(AIM OF THE EXERCISE) An exact repetition of the data is required; no picture should appear in it.

(RECORDED INFORMATION)
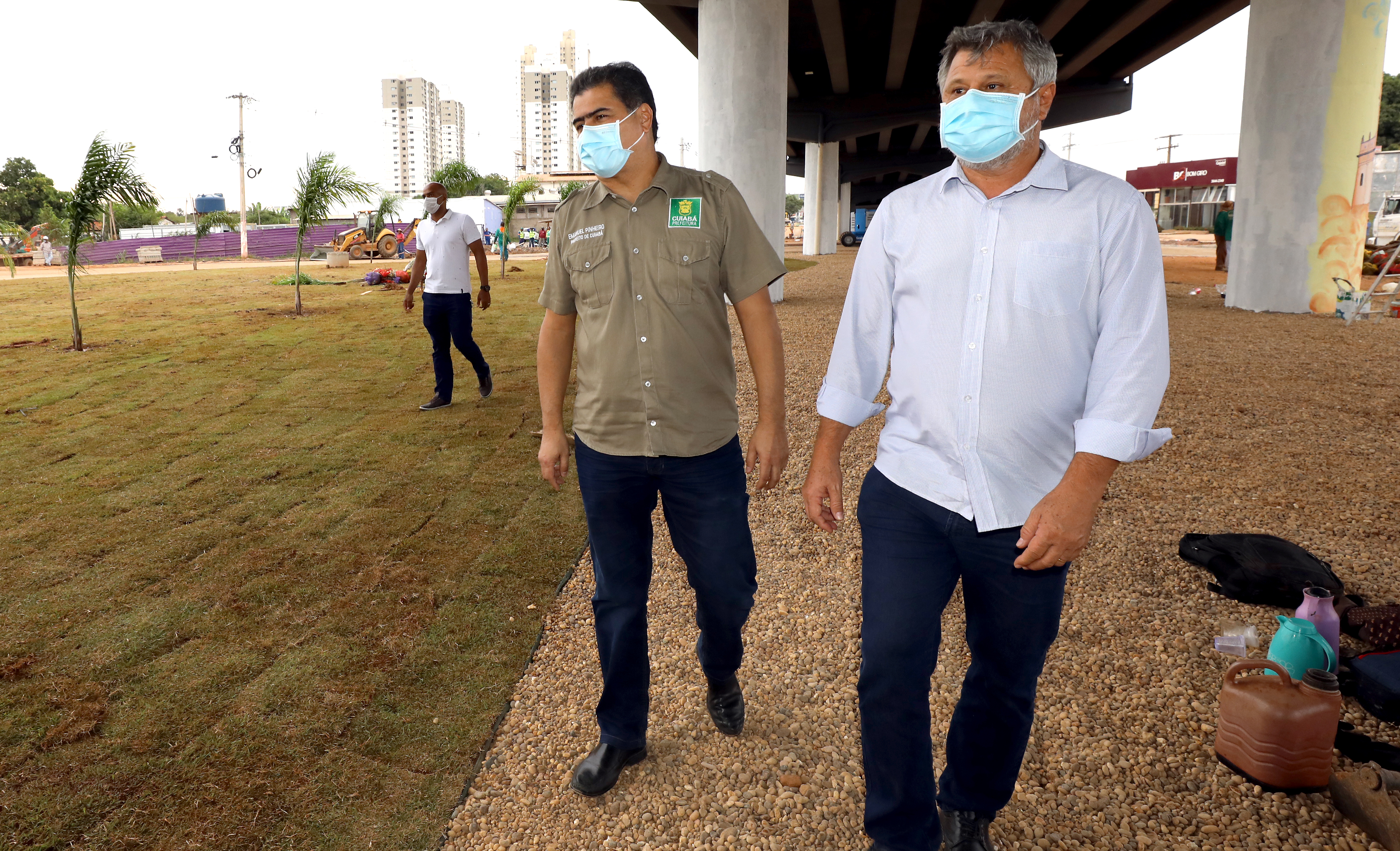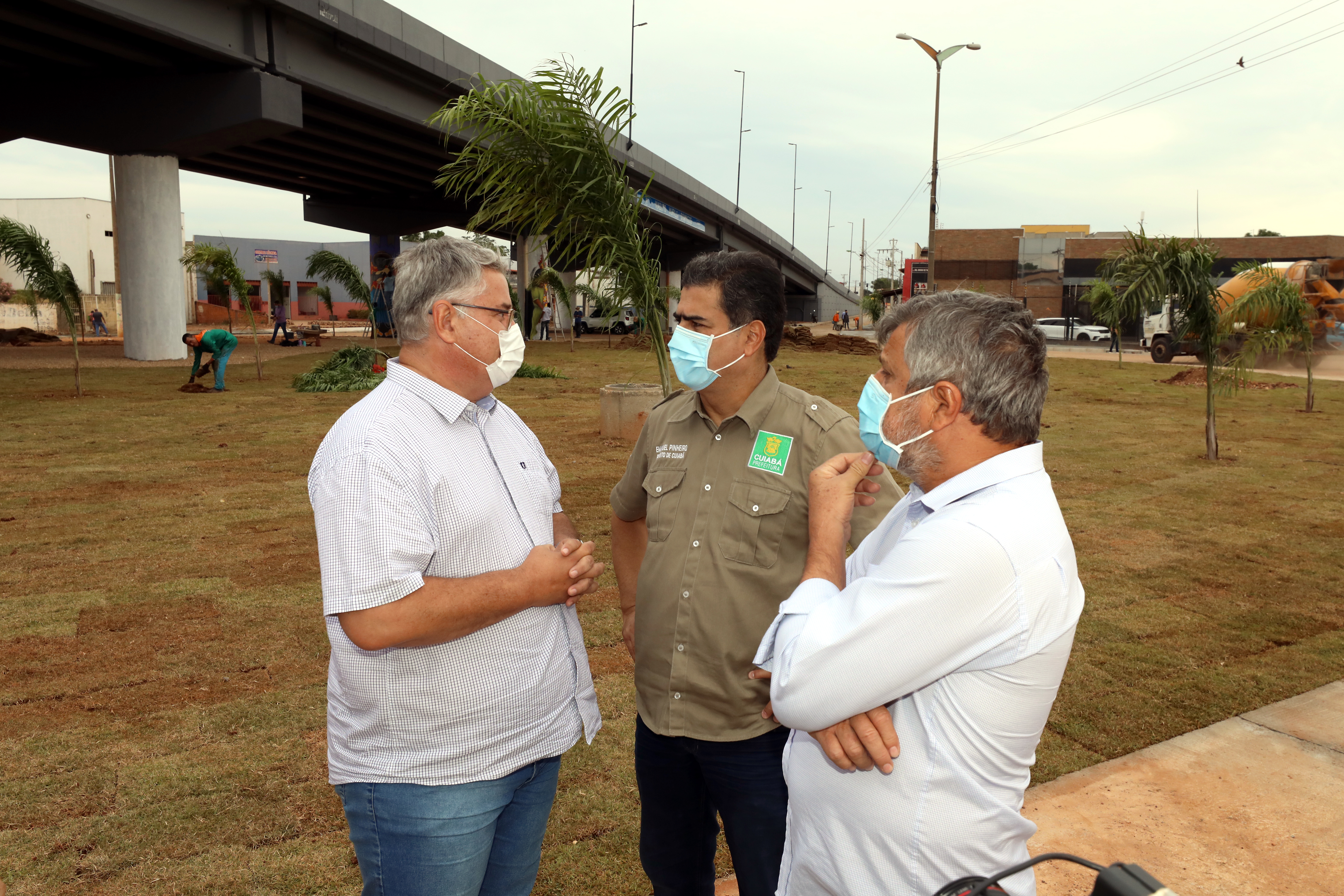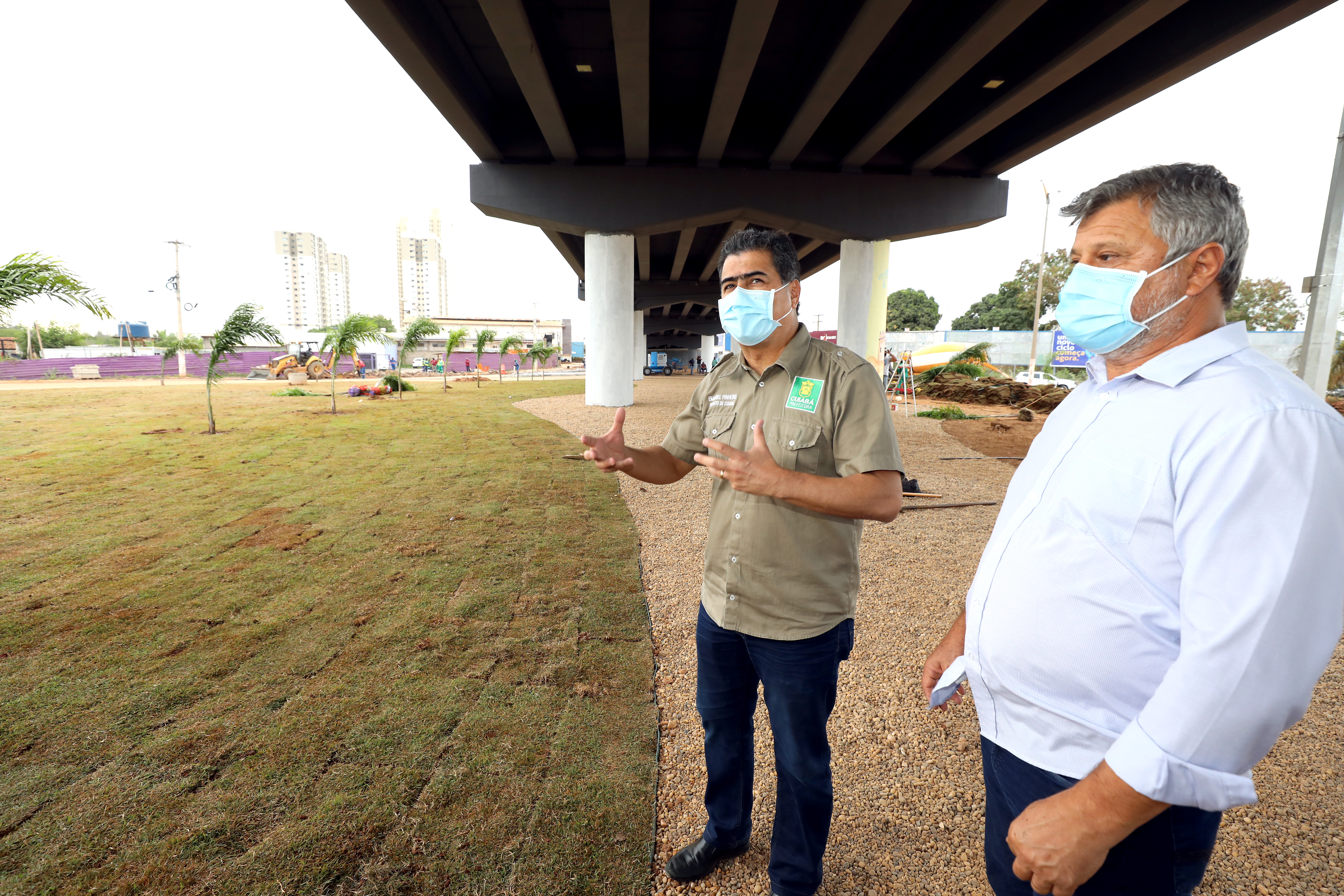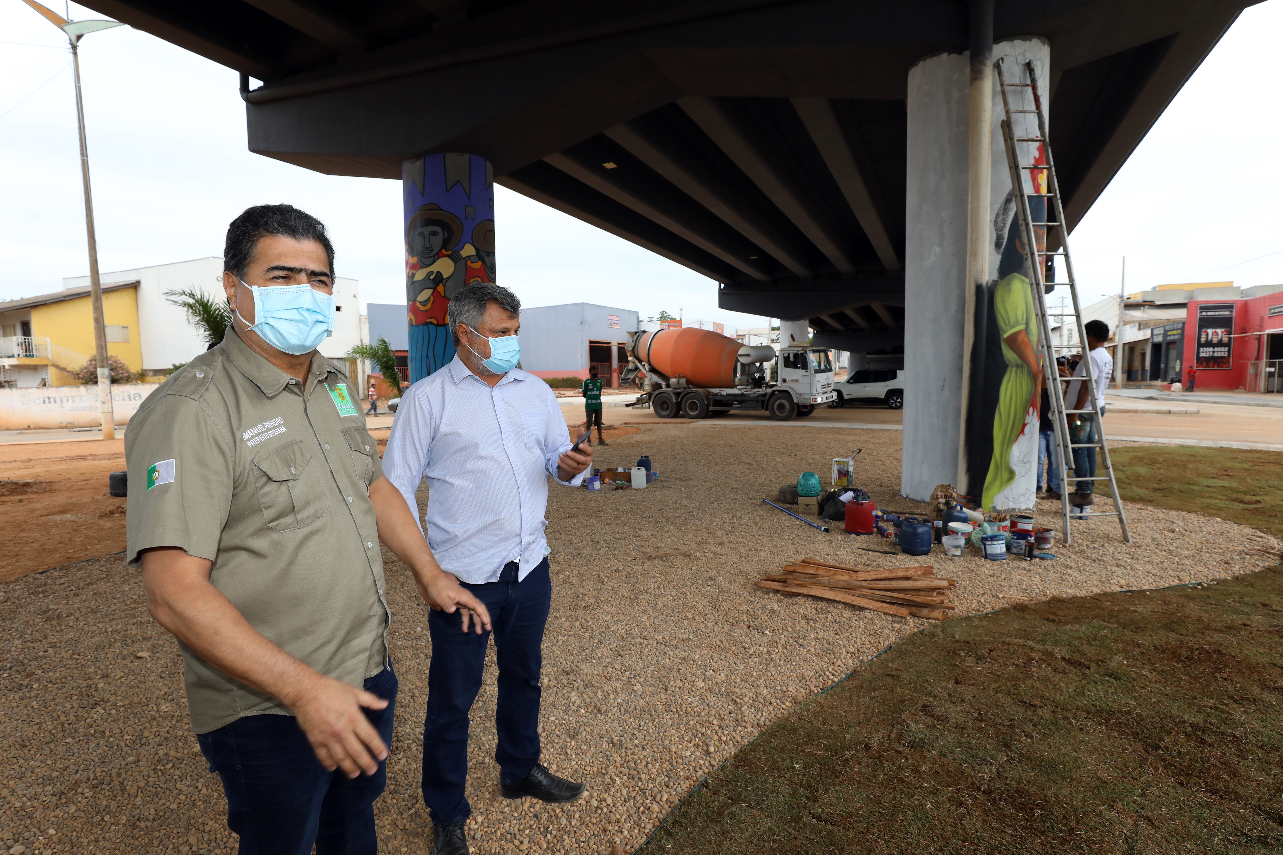 Durante a inspeção, acompanhado do vice-prefeito e secretário de Obras Públicas, José Roberto Stopa, Pinheiro pode observar que já está em andamento o trabalho de paisagismo que, além do plantio de grama, palmeira e outras espécies de plantas ornamentais, também contará com a pintura dos pilares de sustentação. Essa última ação é realizada por artistas plásticos regionais, por meio do programa Cidade Viva.
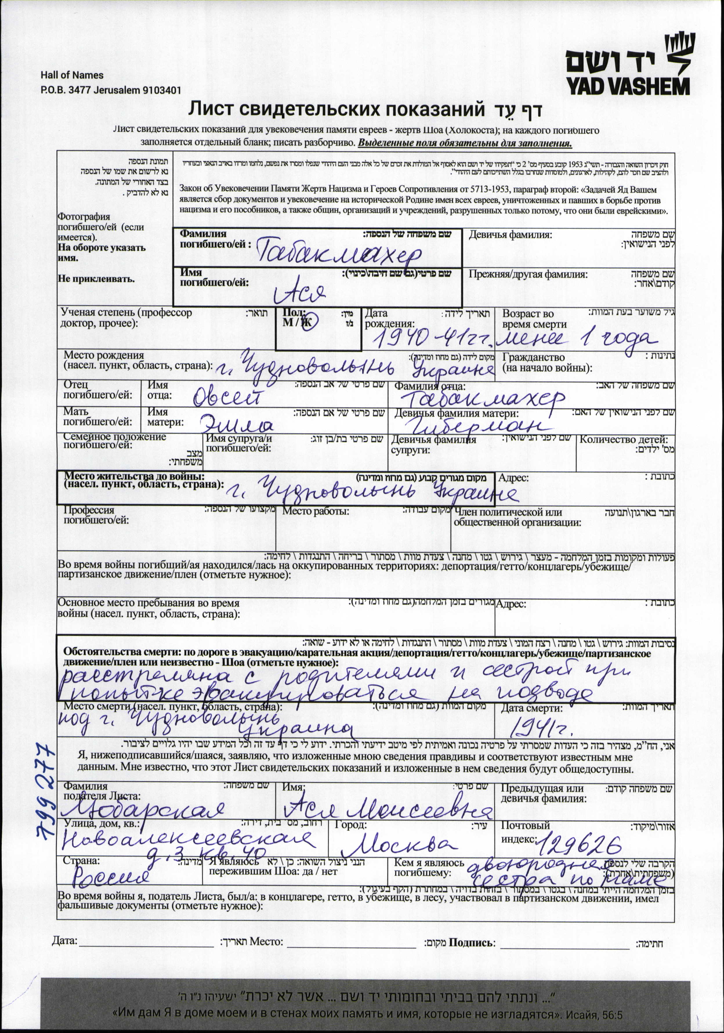 Tabakmakher Asya 1940 Chudnov Volynskiy, Ukraine (URSS) Feuille de témoignage
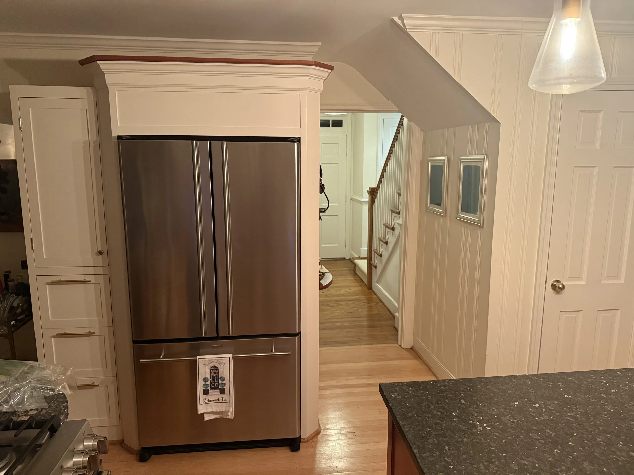 The stainless steel fridge was swapped with a panel-ready model, and the run of cabinets was extended beyond it. With the addition of the wall and pantry cabinets, storage in this space has easily doubled.
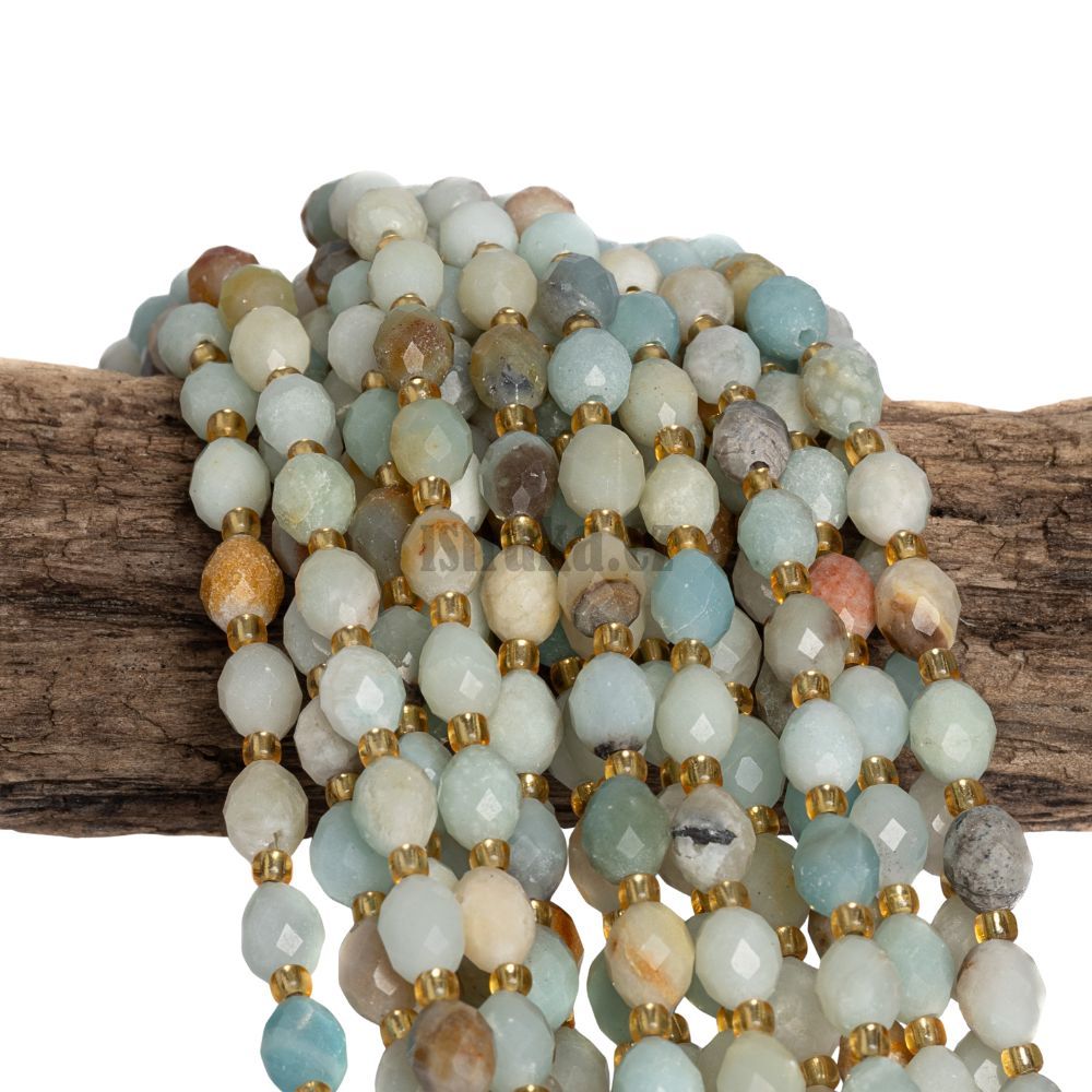 - Amazonit korálky 6x8mm olivy s rondelkami půlšňůra

(TASK RESPONSE)
 Durante a inspeção, acompanhado do vice-prefeito e secretário de Obras Públicas, José Roberto Stopa, Pinheiro pode observar que já está em andamento o trabalho de paisagismo que, além do plantio de grama, palmeira e outras espécies de plantas ornamentais, também contará com a pintura dos pilares de sustentação. Essa última ação é realizada por artistas plásticos regionais, por meio do programa Cidade Viva.
 Tabakmakher Asya 1940 Chudnov Volynskiy, Ukraine (URSS) Feuille de témoignage
 The stainless steel fridge was swapped with a panel-ready model, and the run of cabinets was extended beyond it. With the addition of the wall and pantry cabinets, storage in this space has easily doubled.
 - Amazonit korálky 6x8mm olivy s rondelkami půlšňůra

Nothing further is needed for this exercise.